Relatives insisted it wasn’t one of the twins who threw the bottle at the vehicle.

“My grandson was not malicious like that,” Diane Samuel, 55, said. “He wasn’t throwing bottles. He didn’t do anything. He was just scared for his life. He’s only a kid. He didn’t know no better.”

The NYPD didn’t have any information on whether Whitick was being pursued when he was hit.

“Kayshawn was very talented,” his aunt remembered. “He was good at art. He was good at basketball. He was a good dancer. He was going to high school in September. Now he’s not gonna make it there.”

The 42-year-old female driver had a green light when she hit Whitick and had not been charged as of Monday, according to police.

Samuel said the intersection has long been dangerous for pedestrians.
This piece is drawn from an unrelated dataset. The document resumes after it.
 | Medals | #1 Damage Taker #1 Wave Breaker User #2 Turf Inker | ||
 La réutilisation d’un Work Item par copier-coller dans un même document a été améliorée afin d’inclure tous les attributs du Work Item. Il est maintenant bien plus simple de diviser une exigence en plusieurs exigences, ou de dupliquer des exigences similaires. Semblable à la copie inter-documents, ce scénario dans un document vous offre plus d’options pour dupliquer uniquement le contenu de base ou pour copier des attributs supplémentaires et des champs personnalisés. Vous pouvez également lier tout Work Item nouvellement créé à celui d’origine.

“It’s a very dangerous corner, and it shouldn’t be,” she said. “They should have speed bumps. They should have lights.”

She praised a good Samaritan who rendered first aid on her grandson as he lay motionless in the street.

“If that lady didn’t perform CPR, I wouldn’t have been able to even see him on a ventilator,” his grandmother said. “She didn’t know him, but she didn’t care who he was and she helped him.”

Kayshawn’s funeral will be held Friday morning in Inwood.

Samuel said she will press lawmakers about taking additional safety measures at the intersection.

“I’m not going to just sweep it under the rug,” she said. “I don’t want him to die in vain.”

As of the end of July, five people had been injured at the intersection so far this year, including one pedestrian and four motorists, the city's Vision Zero maps shows.